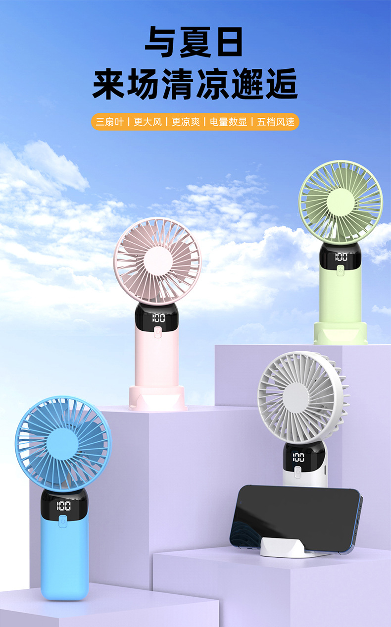 USBハンドヘルドファン ミニポータブルファン デジタルディスプレイ オフィス 学生ギフト 小型電気製品 卸売 ポータブル
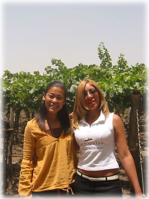 メンドーサのワイナリー見学では、超美人のガイドお姉さんが園内をご案内してくれました。後ろの緑の木がワインの原料となるぶどう。ここメンドーサではアルゼンチンワインの8割を作っているとか |
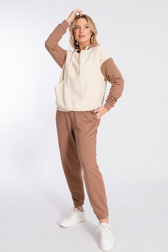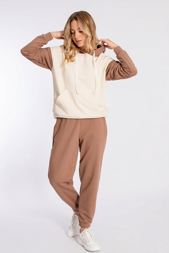 Брюки выполнены из однотонного футера трёхнитки (воздушка), с притачным поясом и резинкой по низу. По бокам размещены карманы.

● ● ● ●

• _Exercise aim_:
Hand back the data above exactly, leaving out all pictures.

• _Written solution_:
 USBハンドヘルドファン ミニポータブルファン デジタルディスプレイ オフィス 学生ギフト 小型電気製品 卸売 ポータブル
 メンドーサのワイナリー見学では、超美人のガイドお姉さんが園内をご案内してくれました。後ろの緑の木がワインの原料となるぶどう。ここメンドーサではアルゼンチンワインの8割を作っているとか |
 Брюки выполнены из однотонного футера трёхнитки (воздушка), с притачным поясом и резинкой по низу. По бокам размещены карманы.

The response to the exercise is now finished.